(Beginning of Material for this exercise)
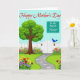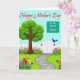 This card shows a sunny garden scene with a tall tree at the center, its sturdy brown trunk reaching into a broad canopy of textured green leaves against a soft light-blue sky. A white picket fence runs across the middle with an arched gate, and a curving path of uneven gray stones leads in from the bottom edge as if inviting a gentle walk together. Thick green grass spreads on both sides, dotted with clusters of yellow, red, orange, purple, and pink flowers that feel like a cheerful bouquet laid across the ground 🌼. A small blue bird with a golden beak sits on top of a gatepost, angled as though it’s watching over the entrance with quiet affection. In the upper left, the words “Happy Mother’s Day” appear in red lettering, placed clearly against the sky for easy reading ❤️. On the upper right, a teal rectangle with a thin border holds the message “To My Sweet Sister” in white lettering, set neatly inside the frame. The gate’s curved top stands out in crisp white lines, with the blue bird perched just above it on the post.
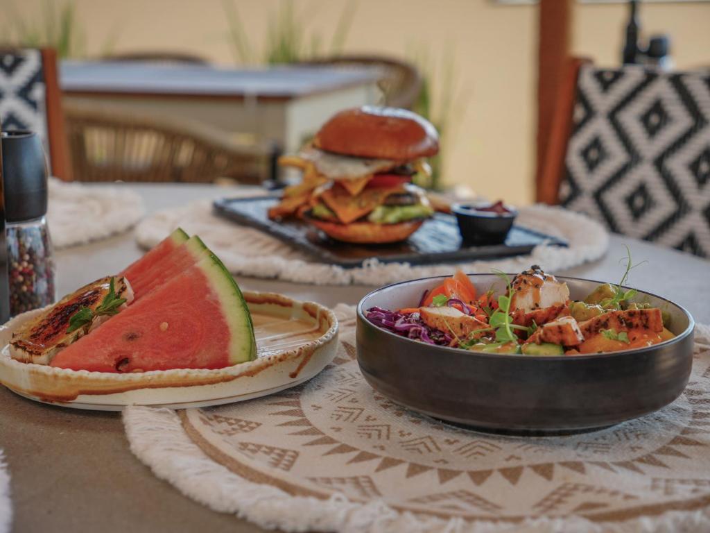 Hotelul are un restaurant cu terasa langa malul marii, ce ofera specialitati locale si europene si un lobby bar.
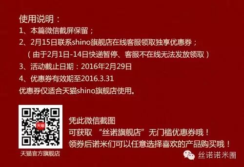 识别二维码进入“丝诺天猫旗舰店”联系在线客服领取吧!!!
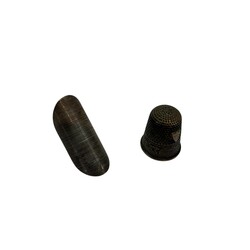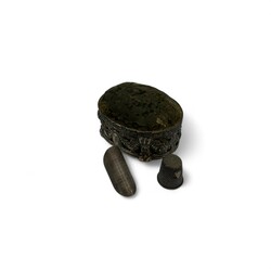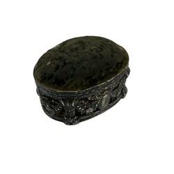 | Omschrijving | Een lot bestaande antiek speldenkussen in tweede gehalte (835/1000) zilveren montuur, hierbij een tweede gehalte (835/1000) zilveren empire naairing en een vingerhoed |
(End of Material for this exercise)
(Beginning of Material for this exercise)
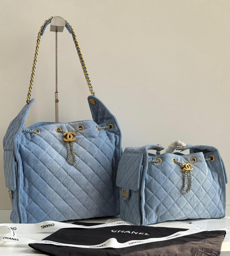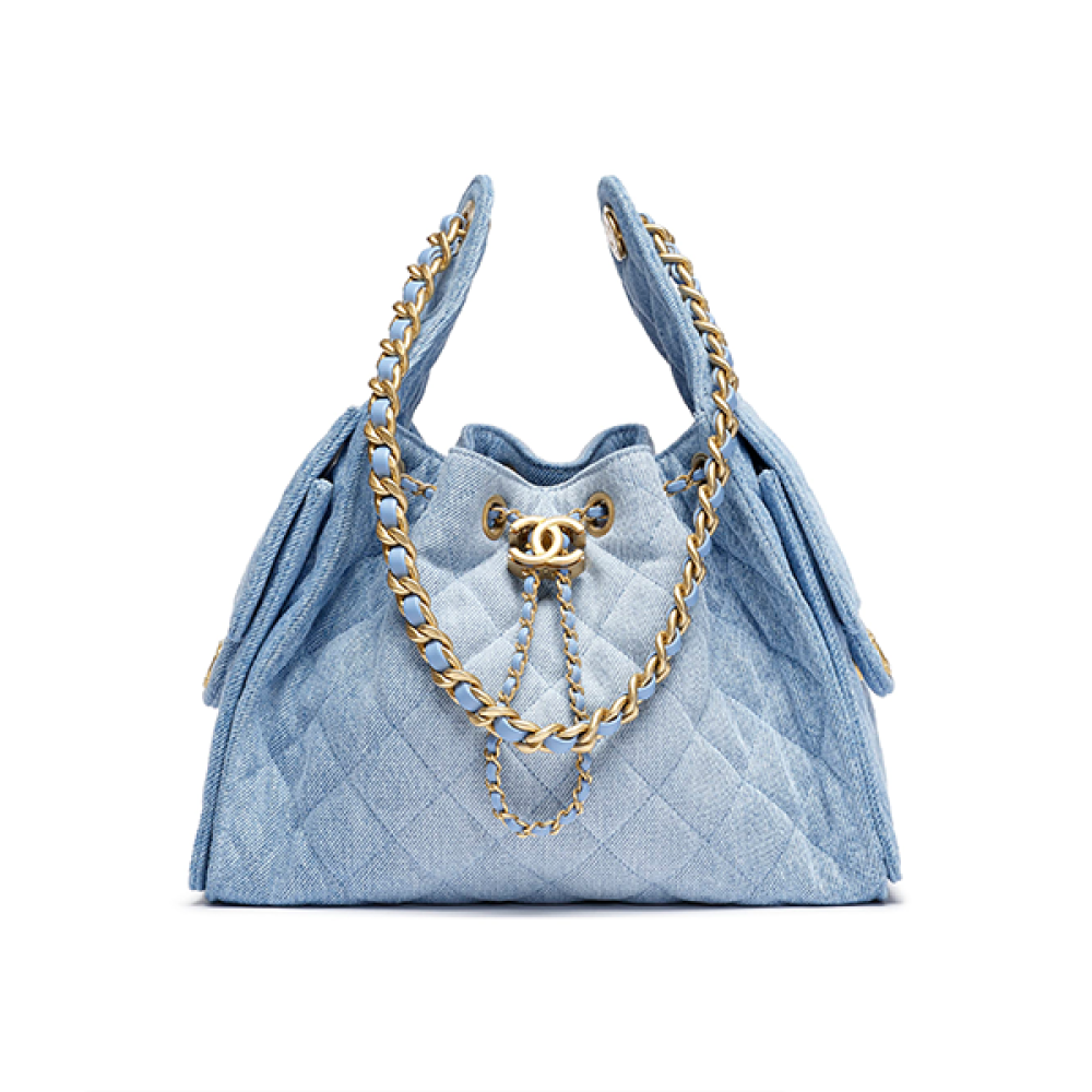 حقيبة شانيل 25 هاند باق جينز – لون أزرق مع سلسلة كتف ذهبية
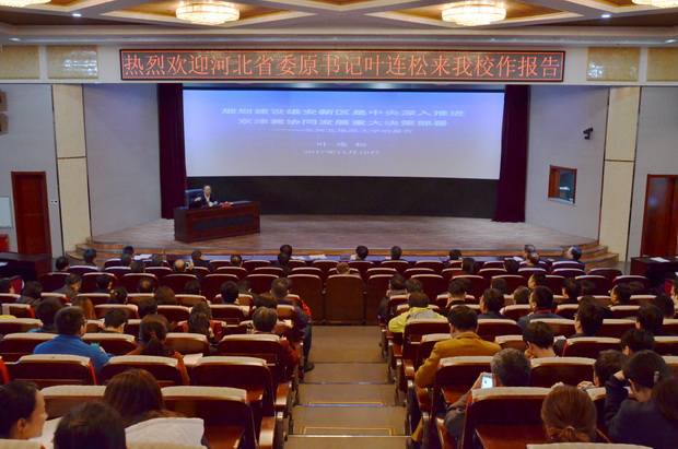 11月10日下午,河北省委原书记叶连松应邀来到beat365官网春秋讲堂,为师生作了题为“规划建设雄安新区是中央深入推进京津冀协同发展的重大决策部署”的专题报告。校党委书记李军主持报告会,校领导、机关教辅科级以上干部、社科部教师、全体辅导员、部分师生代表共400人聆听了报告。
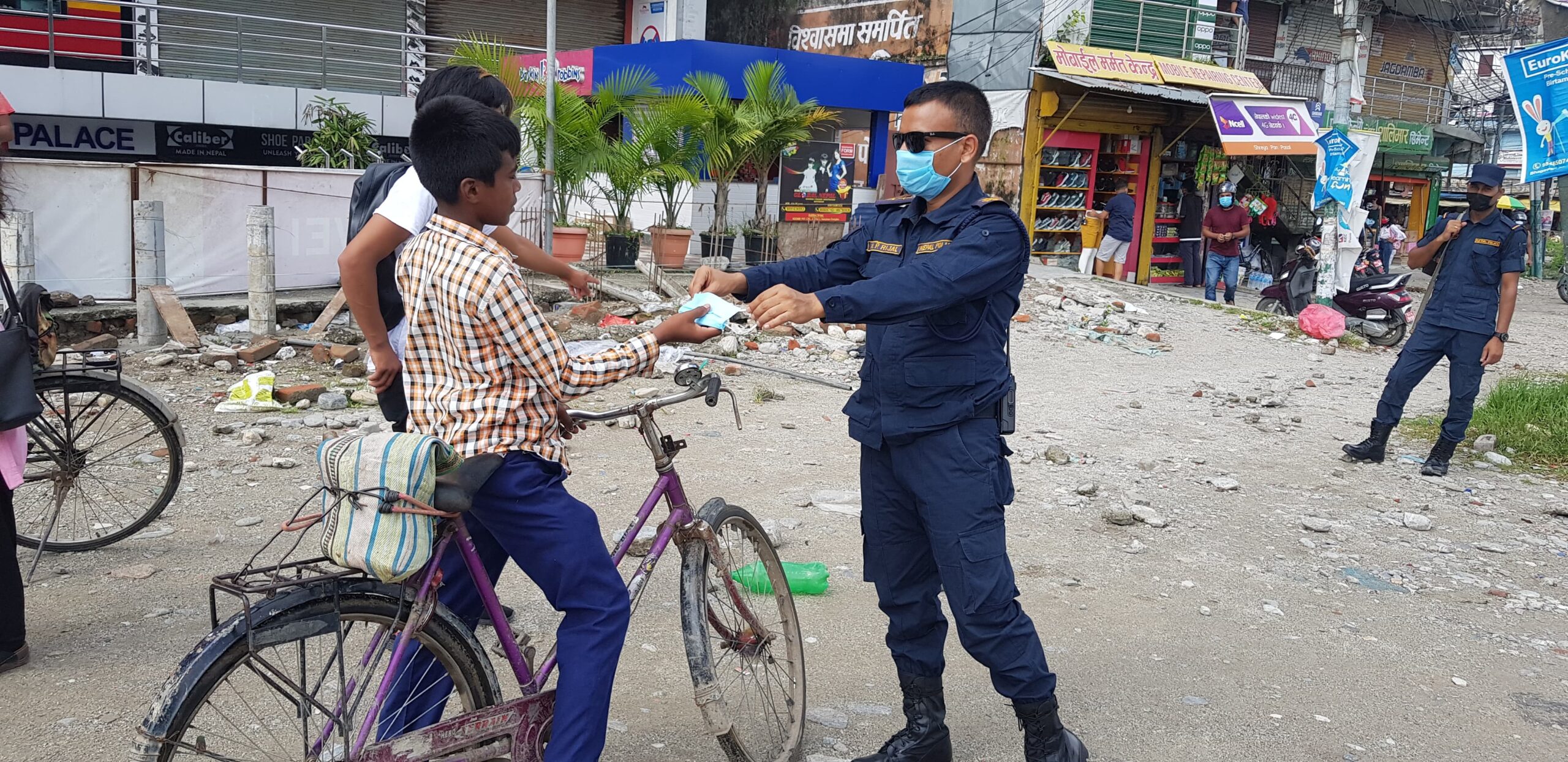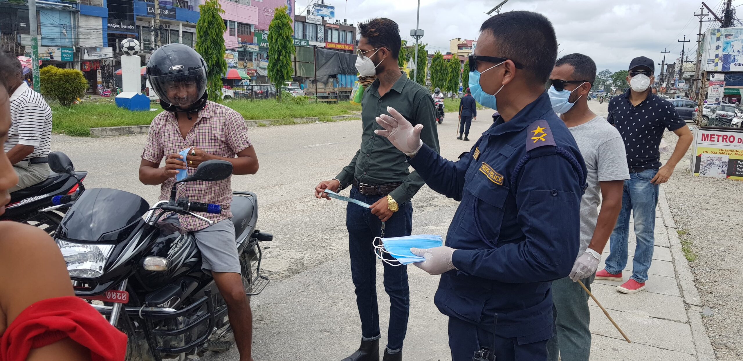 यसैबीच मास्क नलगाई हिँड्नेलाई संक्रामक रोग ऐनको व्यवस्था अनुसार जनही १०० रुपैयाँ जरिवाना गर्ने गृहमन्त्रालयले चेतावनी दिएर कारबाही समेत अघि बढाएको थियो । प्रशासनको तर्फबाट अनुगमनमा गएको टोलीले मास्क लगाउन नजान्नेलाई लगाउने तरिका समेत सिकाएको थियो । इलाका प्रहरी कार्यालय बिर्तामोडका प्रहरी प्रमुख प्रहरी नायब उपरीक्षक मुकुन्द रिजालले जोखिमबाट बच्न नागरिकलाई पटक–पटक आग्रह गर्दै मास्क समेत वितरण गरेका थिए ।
(End of Material for this exercise)
(Beginning of Material for this exercise)
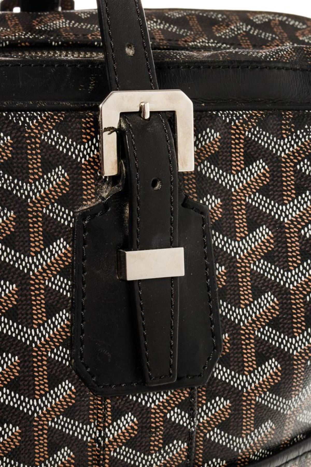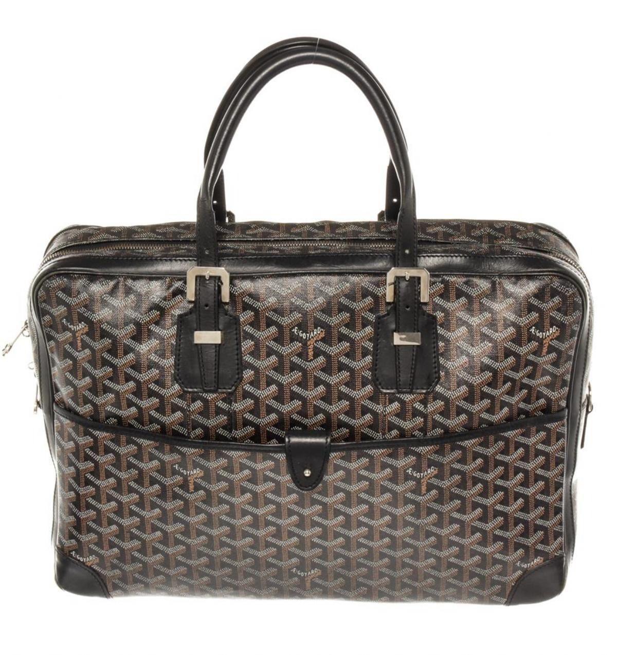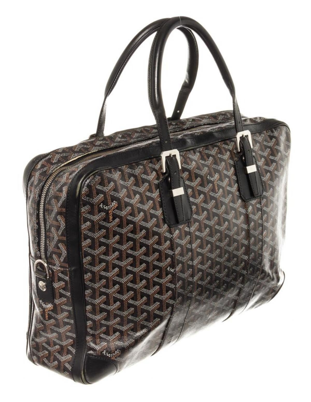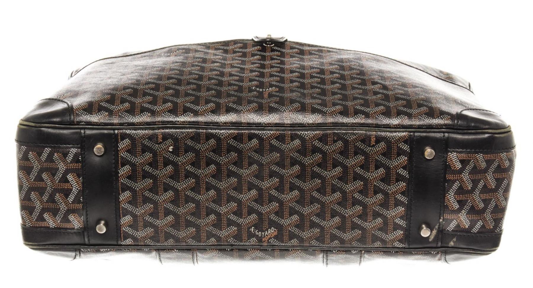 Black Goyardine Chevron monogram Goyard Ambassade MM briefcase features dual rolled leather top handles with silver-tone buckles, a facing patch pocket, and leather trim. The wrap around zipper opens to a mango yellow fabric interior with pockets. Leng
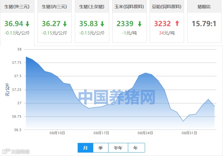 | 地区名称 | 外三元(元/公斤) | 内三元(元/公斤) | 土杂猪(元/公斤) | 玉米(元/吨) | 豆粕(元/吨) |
(End of Material for this exercise)
__Problem description__
The stretch above running from the line with "حقيبة شانيل 25" through the line with "11月10日下午,河北省委原" is all you should copy, exactly, leaving out the pictures.

__Result of this task__
 حقيبة شانيل 25 هاند باق جينز – لون أزرق مع سلسلة كتف ذهبية
 11月10日下午,河北省委原书记叶连松应邀来到beat365官网春秋讲堂,为师生作了题为“规划建设雄安新区是中央深入推进京津冀协同发展的重大决策部署”的专题报告。校党委书记李军主持报告会,校领导、机关教辅科级以上干部、社科部教师、全体辅导员、部分师生代表共400人聆听了报告。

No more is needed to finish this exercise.